Go to the line containing "4方向の車両用灯器と歩行者用" in the records below and retype from there through the final line, exactly.

DATASET EXTRACT

============================================================

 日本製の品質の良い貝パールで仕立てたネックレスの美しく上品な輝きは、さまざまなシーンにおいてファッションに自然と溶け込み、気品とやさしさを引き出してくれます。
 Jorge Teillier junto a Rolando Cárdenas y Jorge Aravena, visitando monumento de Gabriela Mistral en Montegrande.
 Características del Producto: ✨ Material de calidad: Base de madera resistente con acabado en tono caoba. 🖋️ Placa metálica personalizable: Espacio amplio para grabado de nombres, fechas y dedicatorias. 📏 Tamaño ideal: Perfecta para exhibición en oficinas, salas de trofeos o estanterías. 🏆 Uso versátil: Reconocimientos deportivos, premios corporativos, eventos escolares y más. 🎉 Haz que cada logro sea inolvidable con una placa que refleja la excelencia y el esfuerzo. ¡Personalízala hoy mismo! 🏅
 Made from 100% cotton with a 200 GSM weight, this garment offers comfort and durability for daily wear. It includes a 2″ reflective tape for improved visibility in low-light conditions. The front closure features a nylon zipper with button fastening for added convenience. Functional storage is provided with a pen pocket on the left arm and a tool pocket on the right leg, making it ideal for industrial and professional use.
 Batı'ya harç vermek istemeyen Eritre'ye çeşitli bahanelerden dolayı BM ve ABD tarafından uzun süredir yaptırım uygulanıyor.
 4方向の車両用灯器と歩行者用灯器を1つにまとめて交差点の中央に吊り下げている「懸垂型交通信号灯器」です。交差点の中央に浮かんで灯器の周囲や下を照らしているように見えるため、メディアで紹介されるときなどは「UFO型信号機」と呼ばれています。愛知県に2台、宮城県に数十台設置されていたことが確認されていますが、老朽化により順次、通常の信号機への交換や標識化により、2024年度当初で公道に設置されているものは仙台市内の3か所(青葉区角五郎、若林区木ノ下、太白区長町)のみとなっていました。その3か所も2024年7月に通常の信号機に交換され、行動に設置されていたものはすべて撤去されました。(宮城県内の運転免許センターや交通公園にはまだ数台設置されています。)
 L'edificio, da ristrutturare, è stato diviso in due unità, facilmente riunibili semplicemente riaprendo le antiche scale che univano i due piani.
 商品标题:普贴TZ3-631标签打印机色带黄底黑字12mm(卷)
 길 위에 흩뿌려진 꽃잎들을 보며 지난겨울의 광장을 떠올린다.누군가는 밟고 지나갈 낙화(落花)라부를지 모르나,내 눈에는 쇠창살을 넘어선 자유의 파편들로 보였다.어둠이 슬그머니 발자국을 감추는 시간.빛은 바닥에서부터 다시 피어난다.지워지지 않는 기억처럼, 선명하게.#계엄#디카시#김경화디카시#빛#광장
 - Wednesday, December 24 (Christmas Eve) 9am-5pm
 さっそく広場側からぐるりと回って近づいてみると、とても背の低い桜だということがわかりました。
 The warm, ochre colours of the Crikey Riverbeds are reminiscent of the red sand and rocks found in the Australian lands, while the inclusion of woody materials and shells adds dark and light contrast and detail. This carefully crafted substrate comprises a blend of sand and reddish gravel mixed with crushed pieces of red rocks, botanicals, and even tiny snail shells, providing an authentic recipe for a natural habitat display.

============================================================

TASK ANSWER
 4方向の車両用灯器と歩行者用灯器を1つにまとめて交差点の中央に吊り下げている「懸垂型交通信号灯器」です。交差点の中央に浮かんで灯器の周囲や下を照らしているように見えるため、メディアで紹介されるときなどは「UFO型信号機」と呼ばれています。愛知県に2台、宮城県に数十台設置されていたことが確認されていますが、老朽化により順次、通常の信号機への交換や標識化により、2024年度当初で公道に設置されているものは仙台市内の3か所(青葉区角五郎、若林区木ノ下、太白区長町)のみとなっていました。その3か所も2024年7月に通常の信号機に交換され、行動に設置されていたものはすべて撤去されました。(宮城県内の運転免許センターや交通公園にはまだ数台設置されています。)
 L'edificio, da ristrutturare, è stato diviso in due unità, facilmente riunibili semplicemente riaprendo le antiche scale che univano i due piani.
 商品标题:普贴TZ3-631标签打印机色带黄底黑字12mm(卷)
 길 위에 흩뿌려진 꽃잎들을 보며 지난겨울의 광장을 떠올린다.누군가는 밟고 지나갈 낙화(落花)라부를지 모르나,내 눈에는 쇠창살을 넘어선 자유의 파편들로 보였다.어둠이 슬그머니 발자국을 감추는 시간.빛은 바닥에서부터 다시 피어난다.지워지지 않는 기억처럼, 선명하게.#계엄#디카시#김경화디카시#빛#광장
 - Wednesday, December 24 (Christmas Eve) 9am-5pm
 さっそく広場側からぐるりと回って近づいてみると、とても背の低い桜だということがわかりました。
 The warm, ochre colours of the Crikey Riverbeds are reminiscent of the red sand and rocks found in the Australian lands, while the inclusion of woody materials and shells adds dark and light contrast and detail. This carefully crafted substrate comprises a blend of sand and reddish gravel mixed with crushed pieces of red rocks, botanicals, and even tiny snail shells, providing an authentic recipe for a natural habitat display.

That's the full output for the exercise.